[Opening Data supplied section]

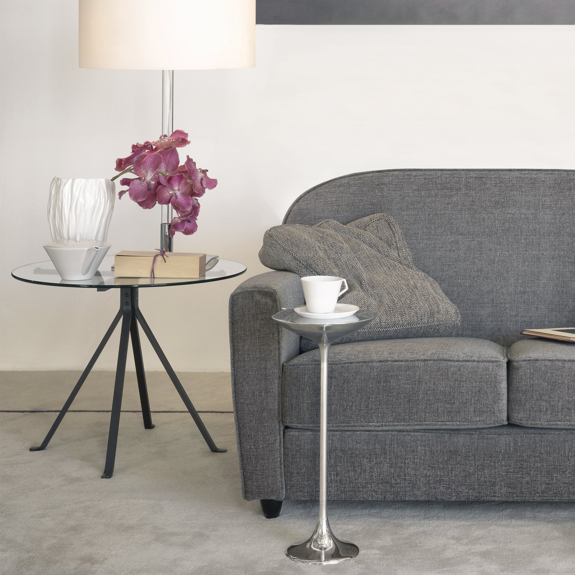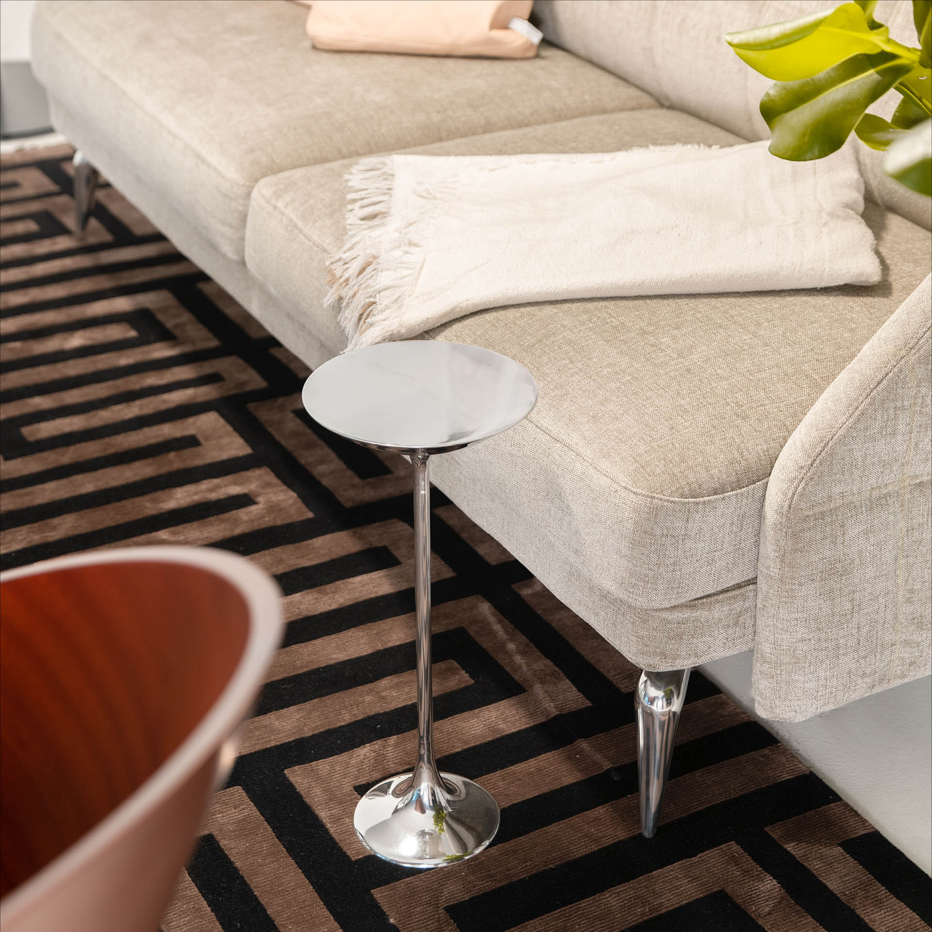 Ping and is distinguished by an elegant, minimalist form and a polished aluminum finish that gives it a noble character. This subtle table It not only facilitates the organization of space, but also introduces a note of nostalgia and sophistication to it. Ideal for interiors, in which both functionality and sophisticated aesthetics count.
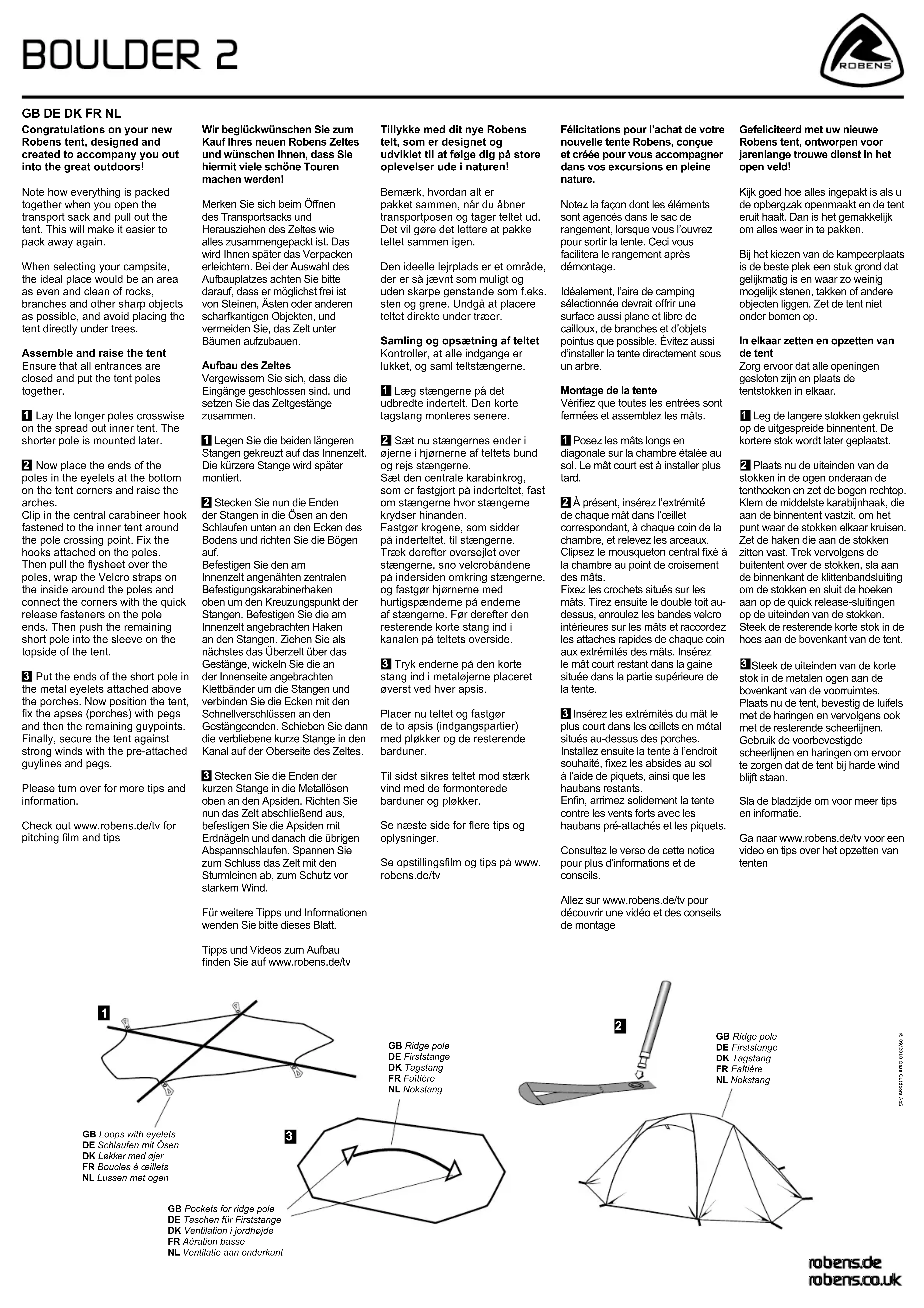 Tryk enderne på den korte stang ind i metaløjerne placeret øverst ved hver apsis. Placer nu teltet og fastgør de to apsis (indgangspartier) med pløkker og de resterende barduner. Til sidst sikres teltet mod stærk vind med de formonterede barduner og pløkker. Se næste side for ere tips og oplysninger. Se opstillingslm og tips på www. robens.de/tv Félicitations pour l’achat de votre nouvelle tente Robens, conçue et créée pour vous accompagner dans vos excursions en pleine nature. Notez la façon dont les éléments sont agencés dans le sac de rangement, lorsque vous l’ouvrez pour sortir la tente. Ceci vous facilitera le rangement après démontage. Idéalement, l’aire de camping sélectionnée devrait orir une surface aussi plane et libre de cailloux, de branches et d’objets pointus que possible. Évitez aussi d’installer la tente directement sous un arbre. Montage de la tente Vériez que toutes les entrées sont fermées et assemblez les mâts.
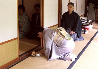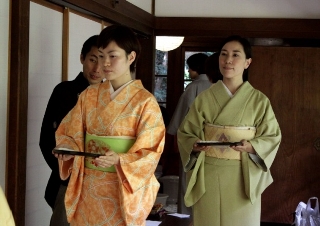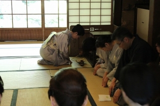 | 感謝の意を込めて、いよいよお点前の開始です。流石に後見の弟子共々緊張しています。 |
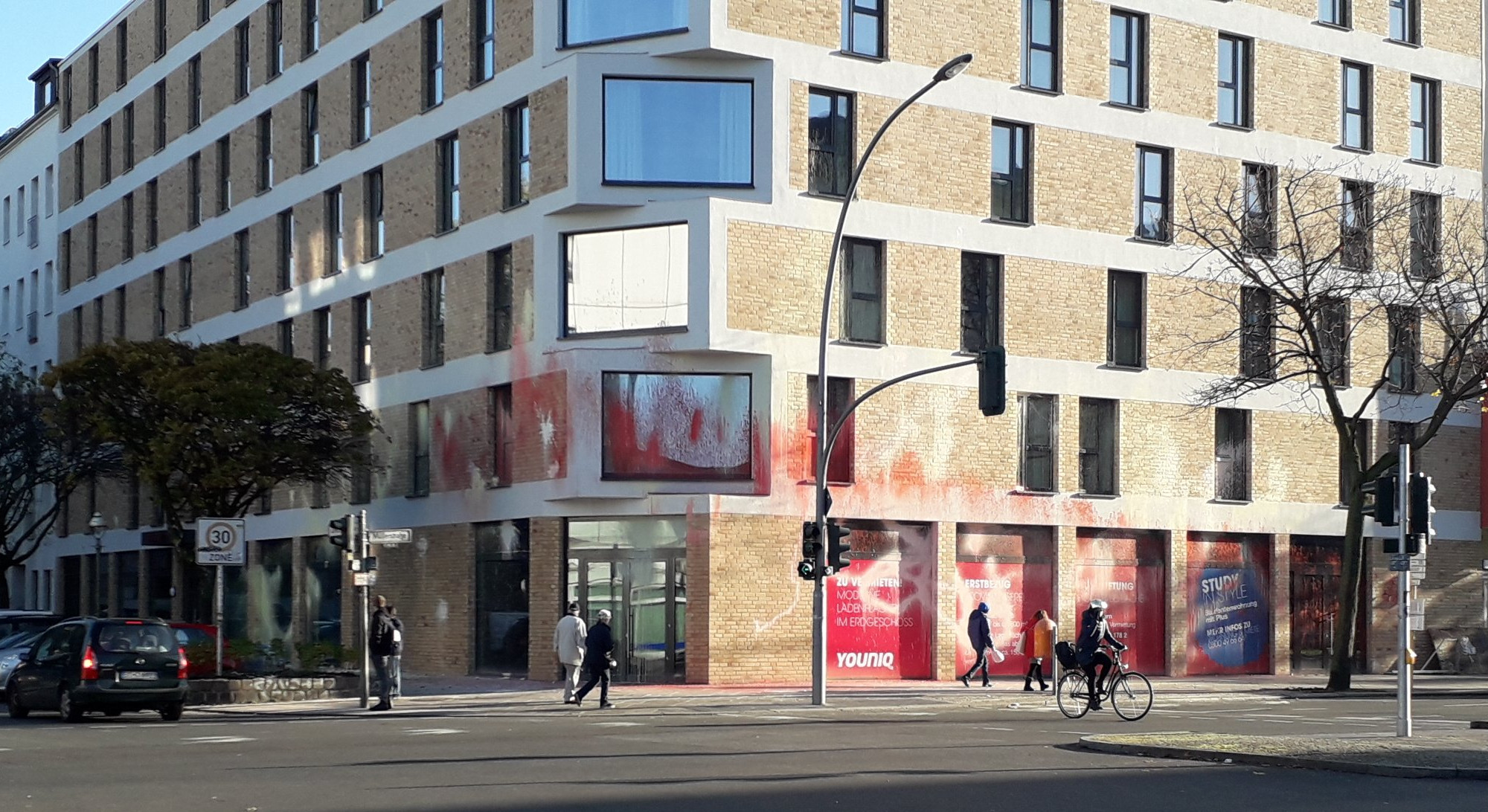 Unbekannte haben ein Studentenwohnheim in Berlin-Wedding mit Farbbeuteln beworfen und dabei Autos beschädigt.
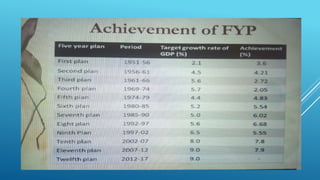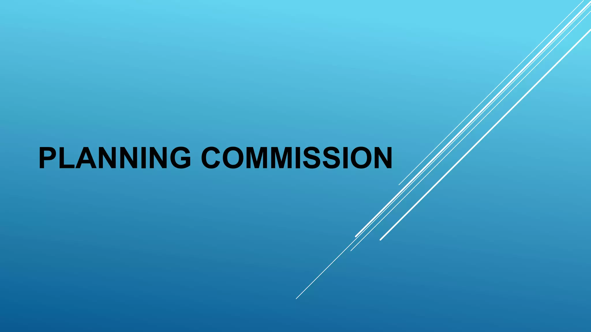 The Planning Commission was established in 1950 by the Government of India to foster economic development and social justice. It formulated five-year plans to promote balanced utilization of resources and monitor development programs and funds. Key objectives of early plans included increasing food production, reducing poverty and achieving self-sufficiency. Plans focused on agriculture, irrigation, industry and social development. The Planning Commission was replaced by the NITI Aayog in 2014.
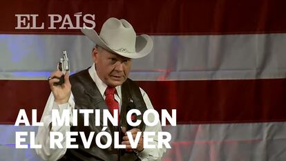 La Segunda Enmienda de la Constitución de EE UU garantiza el derecho de sus ciudadanos a portar armas. A Roy Moore, candidato en las primarias republicanas para luchar por una vacante por Alabama en el Senado, no le gustó que se pusiera en duda su defensa de este derecho. Y decidió despejar las dudas de la forma más gráfica posible: sacando un revólver durante su mitin final de campaña.
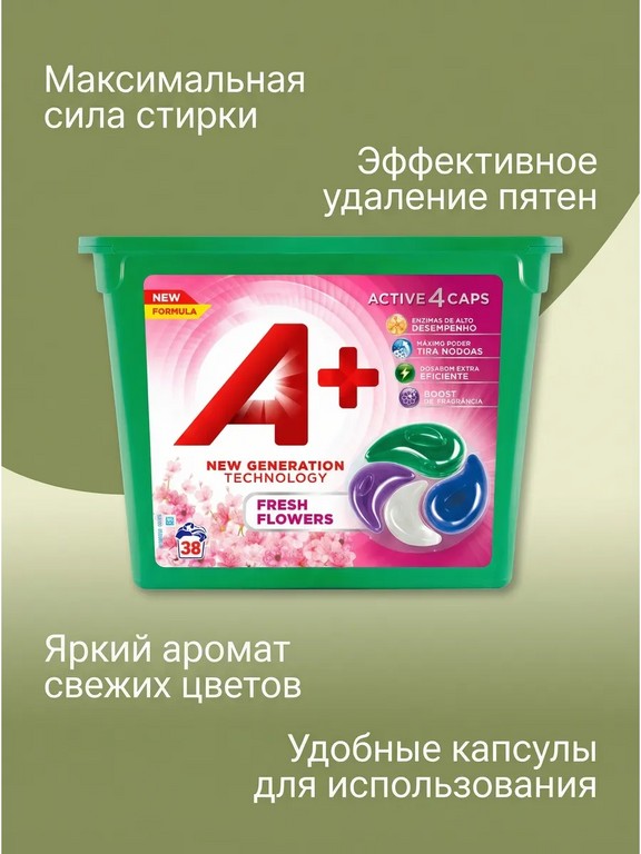 - - Комплектация: Капсулы для стирки с кондиционером А+ 4 в 1 универсальные 38 шт (цветочный аромат)

[Closing Data supplied section]

## Problem requirements:
Repeat, exactly and in full, each line from the start of the data to the line that contains "The Planning Commission was established". Pictures do not go in.

## Result:
 Ping and is distinguished by an elegant, minimalist form and a polished aluminum finish that gives it a noble character. This subtle table It not only facilitates the organization of space, but also introduces a note of nostalgia and sophistication to it. Ideal for interiors, in which both functionality and sophisticated aesthetics count.
 Tryk enderne på den korte stang ind i metaløjerne placeret øverst ved hver apsis. Placer nu teltet og fastgør de to apsis (indgangspartier) med pløkker og de resterende barduner. Til sidst sikres teltet mod stærk vind med de formonterede barduner og pløkker. Se næste side for ere tips og oplysninger. Se opstillingslm og tips på www. robens.de/tv Félicitations pour l’achat de votre nouvelle tente Robens, conçue et créée pour vous accompagner dans vos excursions en pleine nature. Notez la façon dont les éléments sont agencés dans le sac de rangement, lorsque vous l’ouvrez pour sortir la tente. Ceci vous facilitera le rangement après démontage. Idéalement, l’aire de camping sélectionnée devrait orir une surface aussi plane et libre de cailloux, de branches et d’objets pointus que possible. Évitez aussi d’installer la tente directement sous un arbre. Montage de la tente Vériez que toutes les entrées sont fermées et assemblez les mâts.
 | 感謝の意を込めて、いよいよお点前の開始です。流石に後見の弟子共々緊張しています。 |
 Unbekannte haben ein Studentenwohnheim in Berlin-Wedding mit Farbbeuteln beworfen und dabei Autos beschädigt.
 The Planning Commission was established in 1950 by the Government of India to foster economic development and social justice. It formulated five-year plans to promote balanced utilization of resources and monitor development programs and funds. Key objectives of early plans included increasing food production, reducing poverty and achieving self-sufficiency. Plans focused on agriculture, irrigation, industry and social development. The Planning Commission was replaced by the NITI Aayog in 2014.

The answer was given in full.